**WORK REQUEST:** The lines to reproduce from the material below are those from the one containing "Taxislužba, vektorová plochá" through the one containing "Teléfono móvil Nokia", both included; write them out exactly and add nothing.

Start of MATERIAL PROVIDED

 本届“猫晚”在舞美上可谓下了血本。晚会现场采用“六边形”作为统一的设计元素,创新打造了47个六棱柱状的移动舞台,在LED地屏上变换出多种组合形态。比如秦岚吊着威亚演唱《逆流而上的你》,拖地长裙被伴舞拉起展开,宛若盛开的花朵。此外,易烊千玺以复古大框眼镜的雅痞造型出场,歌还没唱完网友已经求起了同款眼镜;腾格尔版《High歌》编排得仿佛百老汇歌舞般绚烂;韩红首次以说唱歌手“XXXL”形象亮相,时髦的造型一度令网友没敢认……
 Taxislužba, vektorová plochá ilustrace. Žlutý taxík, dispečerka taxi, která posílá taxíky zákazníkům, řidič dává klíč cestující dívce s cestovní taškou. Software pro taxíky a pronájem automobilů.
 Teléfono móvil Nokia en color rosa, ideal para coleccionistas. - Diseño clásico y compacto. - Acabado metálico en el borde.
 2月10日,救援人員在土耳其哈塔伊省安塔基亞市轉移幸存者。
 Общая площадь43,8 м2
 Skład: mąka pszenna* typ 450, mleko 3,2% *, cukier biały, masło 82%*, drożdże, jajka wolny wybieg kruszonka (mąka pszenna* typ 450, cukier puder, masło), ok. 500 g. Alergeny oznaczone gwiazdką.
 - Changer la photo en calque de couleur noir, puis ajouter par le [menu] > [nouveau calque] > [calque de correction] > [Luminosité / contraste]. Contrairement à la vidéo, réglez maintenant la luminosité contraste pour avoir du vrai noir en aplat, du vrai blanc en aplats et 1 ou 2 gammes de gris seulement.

End of MATERIAL PROVIDED
Start of MATERIAL PROVIDED

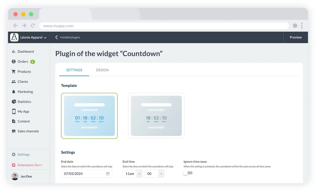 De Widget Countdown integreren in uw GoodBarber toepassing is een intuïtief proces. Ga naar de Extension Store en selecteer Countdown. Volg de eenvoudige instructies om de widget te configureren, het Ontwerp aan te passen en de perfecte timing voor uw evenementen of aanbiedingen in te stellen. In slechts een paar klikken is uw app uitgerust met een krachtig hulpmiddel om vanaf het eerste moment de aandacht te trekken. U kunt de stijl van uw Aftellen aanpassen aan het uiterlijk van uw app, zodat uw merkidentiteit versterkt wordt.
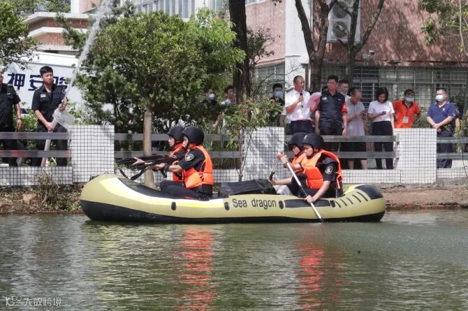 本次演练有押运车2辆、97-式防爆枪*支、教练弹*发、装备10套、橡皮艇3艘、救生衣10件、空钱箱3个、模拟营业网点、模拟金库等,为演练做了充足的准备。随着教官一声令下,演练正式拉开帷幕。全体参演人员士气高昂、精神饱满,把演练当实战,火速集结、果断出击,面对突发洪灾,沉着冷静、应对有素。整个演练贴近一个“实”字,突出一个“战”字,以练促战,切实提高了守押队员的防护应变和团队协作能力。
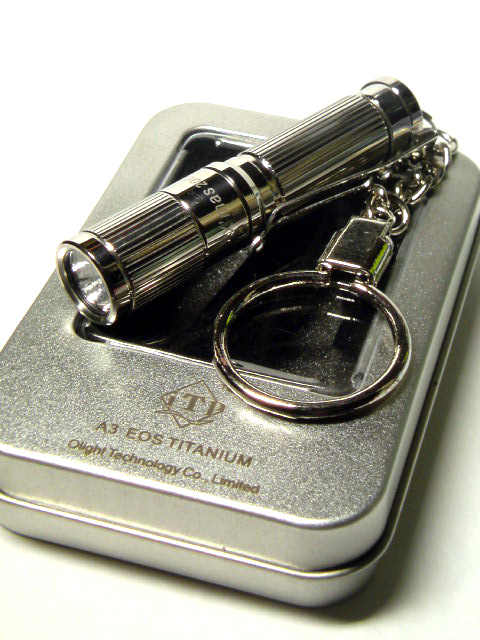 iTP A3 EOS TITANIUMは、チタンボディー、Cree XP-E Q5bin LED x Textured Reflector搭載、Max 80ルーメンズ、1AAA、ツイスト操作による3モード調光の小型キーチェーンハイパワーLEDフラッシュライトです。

End of MATERIAL PROVIDED

**RESPONSE BOX:**
 Taxislužba, vektorová plochá ilustrace. Žlutý taxík, dispečerka taxi, která posílá taxíky zákazníkům, řidič dává klíč cestující dívce s cestovní taškou. Software pro taxíky a pronájem automobilů.
 Teléfono móvil Nokia en color rosa, ideal para coleccionistas. - Diseño clásico y compacto. - Acabado metálico en el borde.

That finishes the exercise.